Elimination Method
AlgebraThe elimination method solves a system of equations by adding or subtracting equations to cancel out one variable, then solving for the remaining variable.
Definition
The elimination method solves two equations by adding them together in a way that removes one variable. Once one variable is gone, you solve for the other, then substitute back.
Example
$x + y = 8$ and $x - y = 2$. Add the equations: $2x = 10$, so $x = 5$. Substitute: $5 + y = 8$, so $y = 3$. Solution: $(5, 3)$.
Key Insight
Elimination is like canceling opposites. If one equation has $+y$ and another has $-y$, they disappear when you add, leaving just one variable to solve.
Definition
The elimination method (also called addition method) manipulates equations by multiplying by constants so that one variable's coefficients become opposites, then adds the equations to eliminate that variable. It works best when coefficients are integers and one variable is easy to eliminate.
Example
$3x + 2y = 16$ and $5x - 2y = 0$. Add: $8x = 16$, $x = 2$. Substitute: $3(2) + 2y = 16$, $2y = 10$, $y = 5$. Solution: $(2, 5)$. Check: $5(2) - 2(5) = 0$. Correct.
Key Insight
When coefficients do not cancel directly, multiply one or both equations by constants first. If $2y$ and $3y$ need to cancel, multiply the first equation by $3$ and the second by $2$ to get $6y$ and $6y$ (with opposite signs).
Definition
Elimination is the algorithmic basis of Gaussian elimination for solving $Ax = b$. Each elimination step corresponds to an elementary row operation on the augmented matrix $[A|b]$: replacing row $i$ with row $i + c \cdot (\text{row } j)$. The process reduces $A$ to upper triangular form (row echelon form), after which back-substitution yields the solution.

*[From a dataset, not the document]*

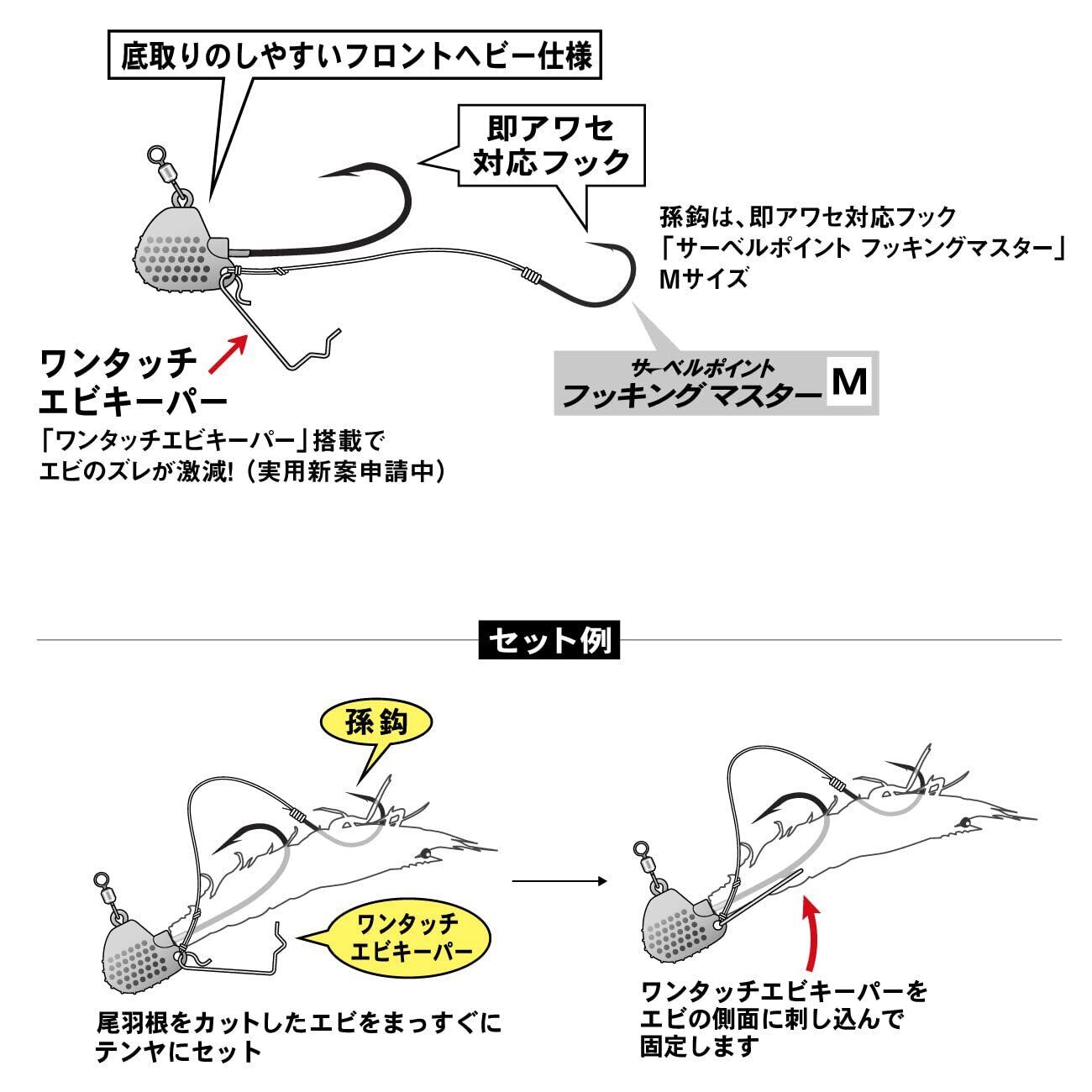ヘッドに高比重タングステンを採用した「桜幻 鯛テンヤTG」が登場! 高比重タングステンの採用と重心位置の徹底検証により急速フォールを実現。着底時にはテンヤ底面に設けられた「ボトムタッチバンパー」によりボトムでの接地面積を減らし、クリアな着底感を実現。ヘッド側面のディンプル加工は、凹凸による明暗効果と誘いの際の高いフラッシング効果により広範囲の真鯛を魅了します。親鈎は度重なる実釣により導き出した、即アワセに最適な鈎先角度「ゼロアングル」を採用し、コンタクト性を重視した孫鈎と相まってフッキング率を実現します。さらに、エビをしっかり固定でき、素早く脱着可能な「ワンタッチエビキーパー」の採用によりエビのズレを防止することで手返しの良い釣りを展開できます。

LU decomposition formalizes this process for computational efficiency.
Example
System: $[[2,1],[4,3]][[x],[y]] = [[5],[11]]$. Eliminate $x$: row $2 - 2 \cdot (\text{row } 1)$ gives $[[2,1],[0,1]][[x],[y]] = [[5],[1]]$. Back-substitute: $y = 1$, $x = (5-1)/2 = 2$.
Key Insight
Gaussian elimination runs in $O(n^3)$ time for $n$ equations. For sparse systems (common in physics simulations), specialized algorithms like conjugate gradient exploit the structure to run much faster.